Maira Evaluation

Overview

Maira can evaluate conversations and score them based on their accuracy.

There are two ways evaluations can run for conversations

Evaluation can run automatically after each conversation
Evaluation can run manually for specified conversations.

What is a conversation?

When we send a request with a query to POST /v1/maira/ask and get a response, this is considered as a Conversation. Each conversation has a conversation_id, the query, the response along with many other information.

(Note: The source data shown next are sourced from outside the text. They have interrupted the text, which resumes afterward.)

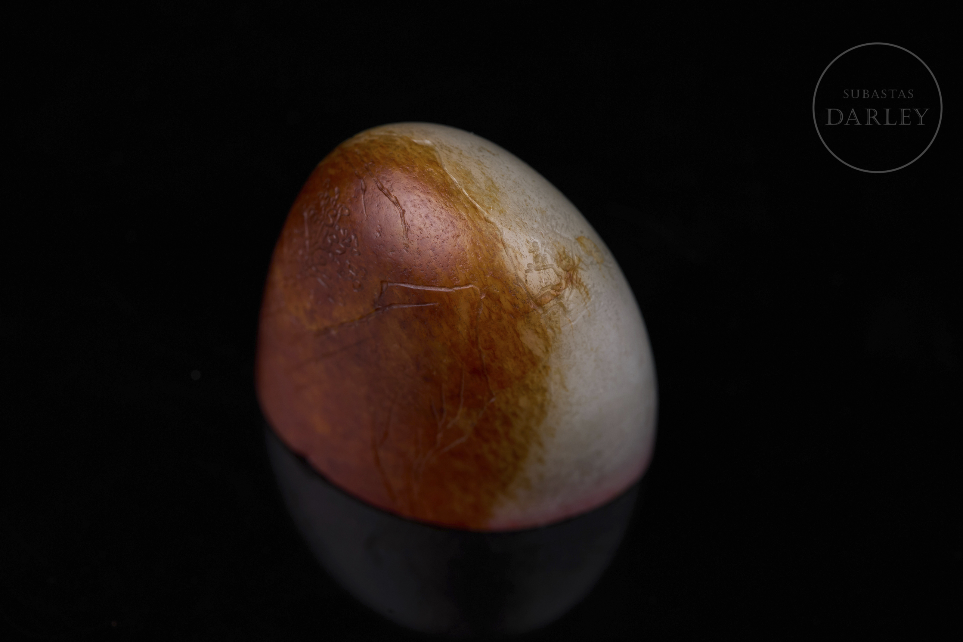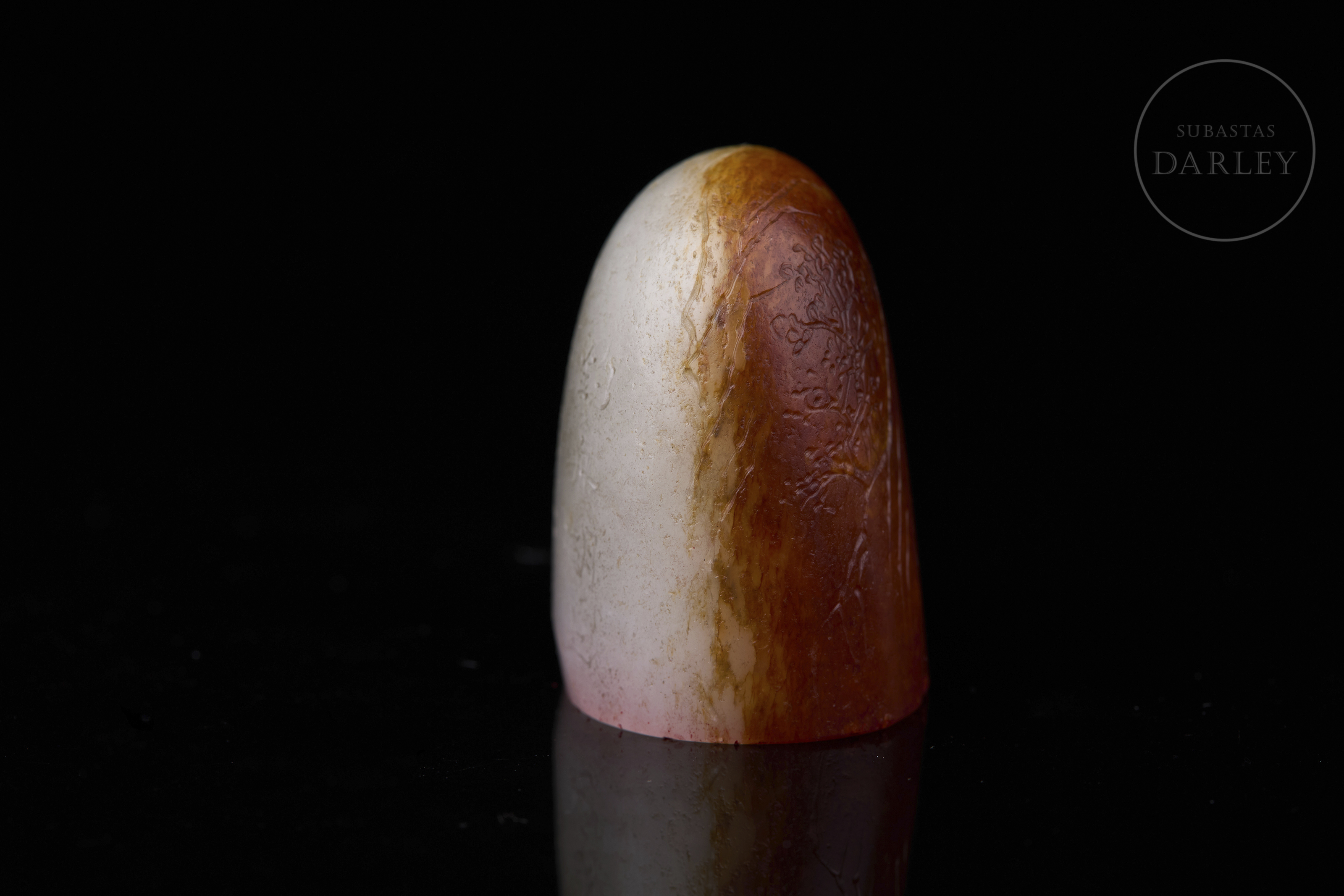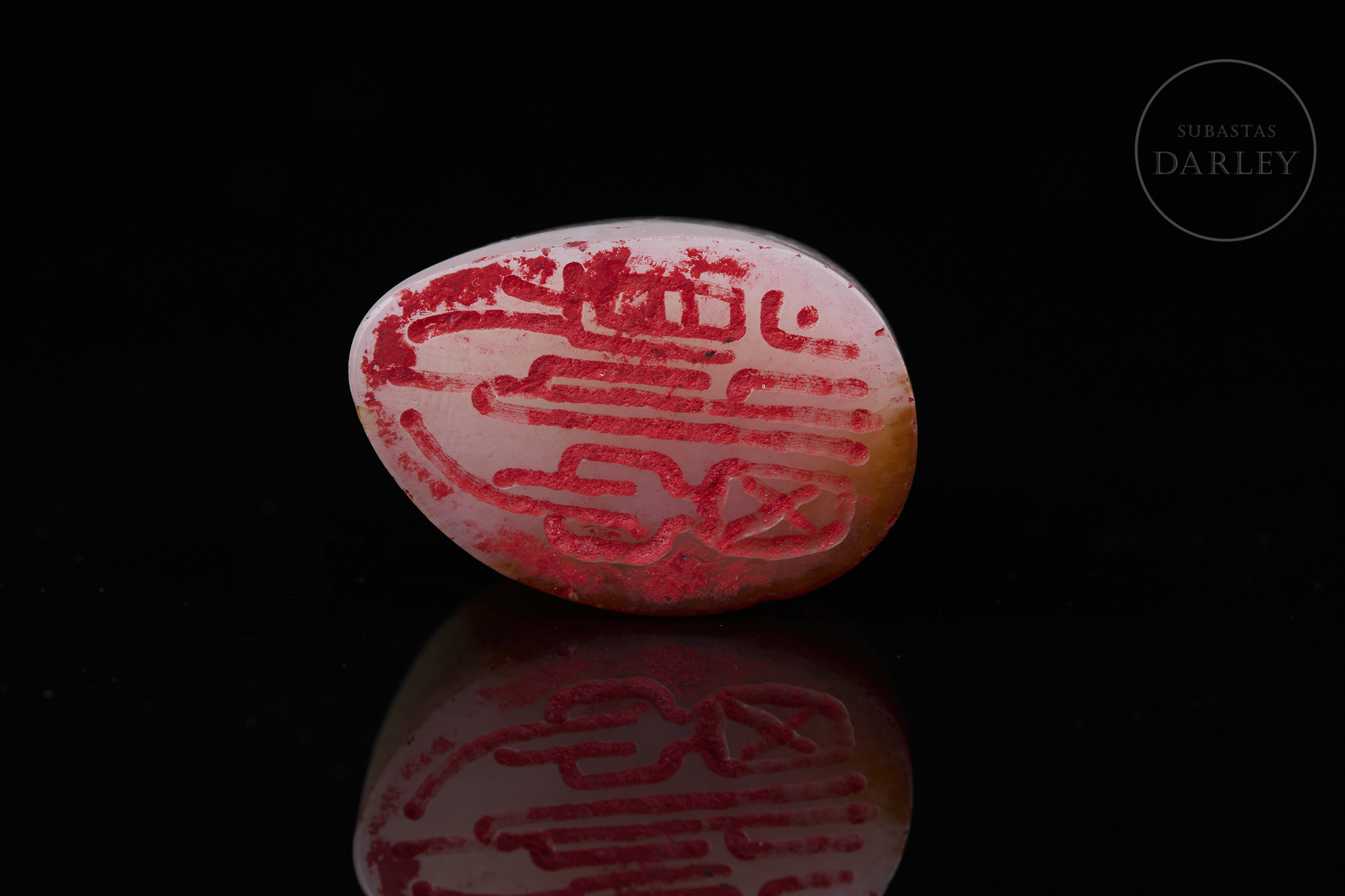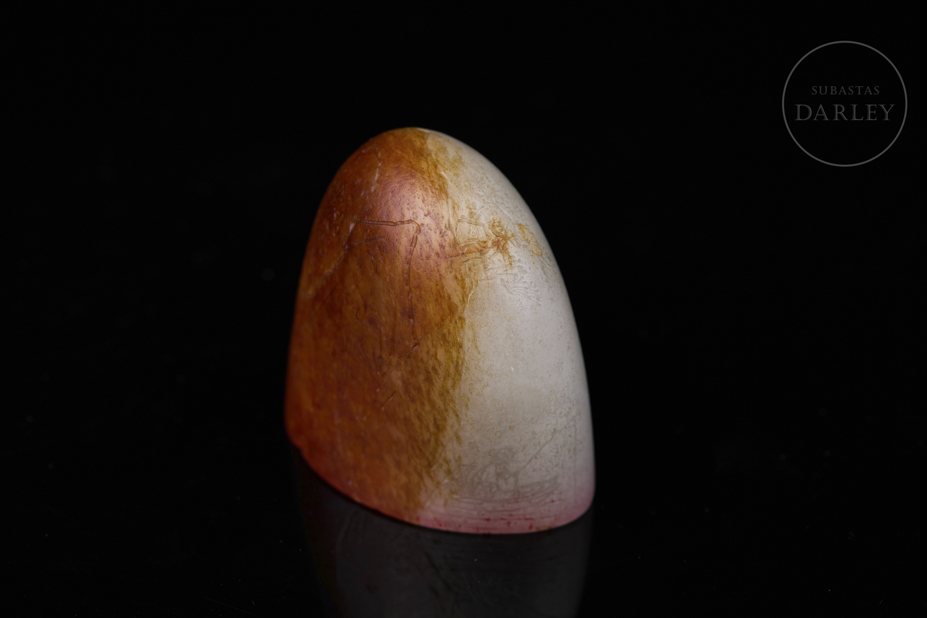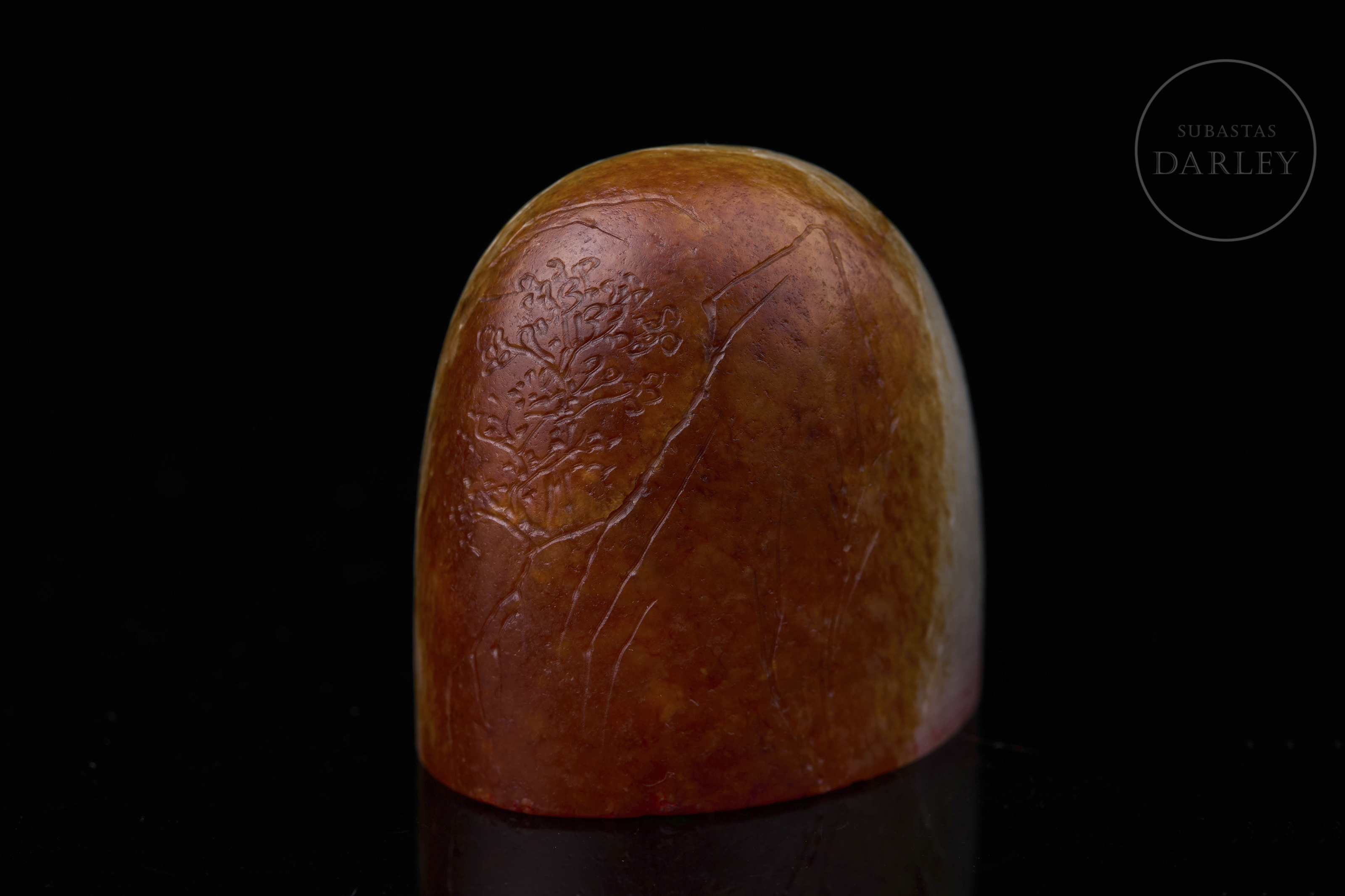 Sello de jade blanco, con forma de canto rodado y de color blanco lechoso con pátina marrón rojiza que cubre la mitad de la superficie. La decoración muestra, en una de sus caras, un delicado grabado de un árbol junto a una montaña. En el lado opuesto, se encuentra inscrito un corto poema. La matriz muestra caracteres grabados "慎思". Dinastía Qing (1644–1912).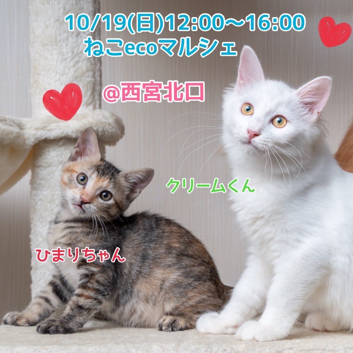 今週末10/19(日)は🍀ねこecoマルシェ in西宮北口🍀😸✨✨🍀 写真で参加猫のご紹介です♪ 譲渡会では 総勢35頭の猫たちが参加します❤️ 是非お越し下さい😸 neko-satooya.com #保護猫 #譲渡会 #子猫 #西宮 #ねこecoマルシェ #60家 pic.x.com/A6Lw3cZN38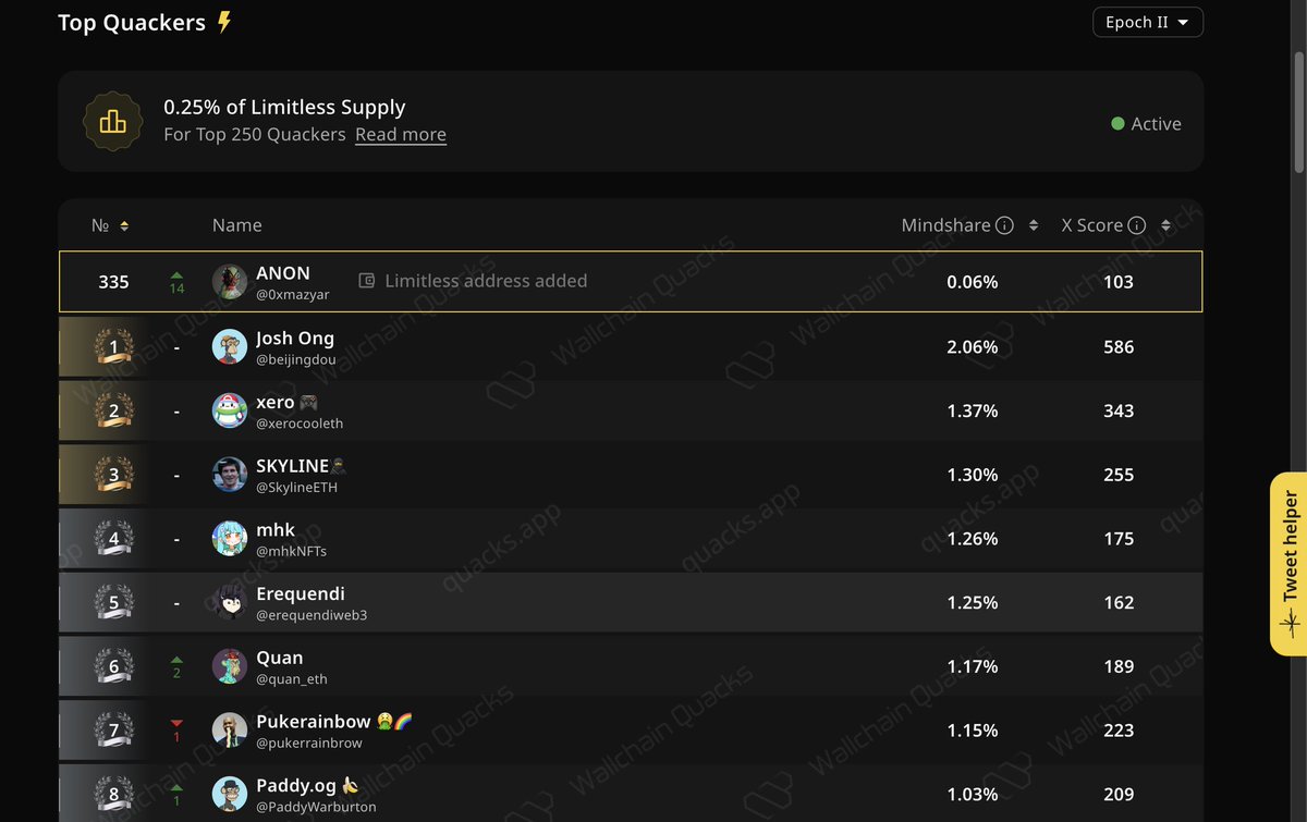 I think twitter score is very overweighted but in the same time i see many small accounts with low scores having high ranks in @trylimitless LB. I really got confused.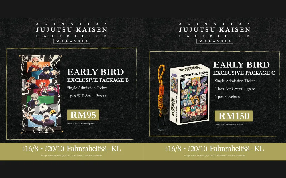 Early bird tickets for the exhibition start at just RM45, with bundle packages available for those seeking additional exclusive items. With its extensive displays, interactive elements, and exclusive merchandise, this event is poised to be a must-visit for anime enthusiasts and curious newcomers alike. Don’t miss your chance to step into the enchanting world of “Jujutsu Kaisen” and experience the magic firsthand.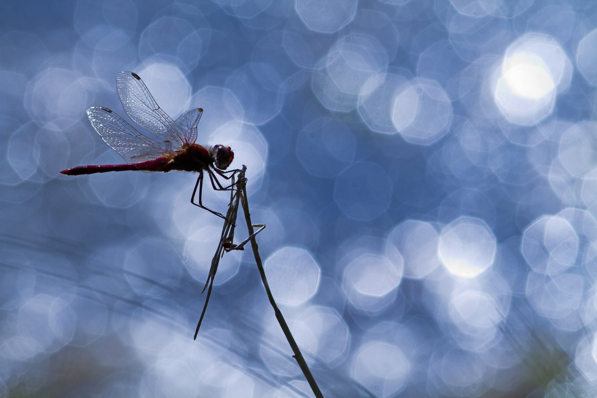 Стрекоза в солнечных бликах - обои на рабочий стол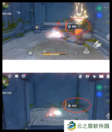 9、穿越裂隙返回电梯位置,启动电梯向上(无需重新召唤,电梯已因先前操作而设定为上行)并触摸两个铭印:

How to find a conversation_id

There are two ways to get a conversation_id:

When we hit the endpoint POST/ v1/gpt/ask or POST/ v1/gpt/ask/vision, in the response body, we can find the conversation_id of that conversation.
We can hit the endpoint /v1/gpt/conversations, and in response, we will get list of all conversations of the specified time range and filters with their details, including the Conversation IDs. See the example at the bottom of this tutorial.

How evaluation works

We have seen in the Maira Integration tutorial, that there are two types of conversation:

question - Only answers the given query/question without considering previous context/conversations
chat - Answers the query considering the previous context/conversations

When when evaluating question type conversations, evaluation score is provided based on the relevance with the response and the document used to generate the response.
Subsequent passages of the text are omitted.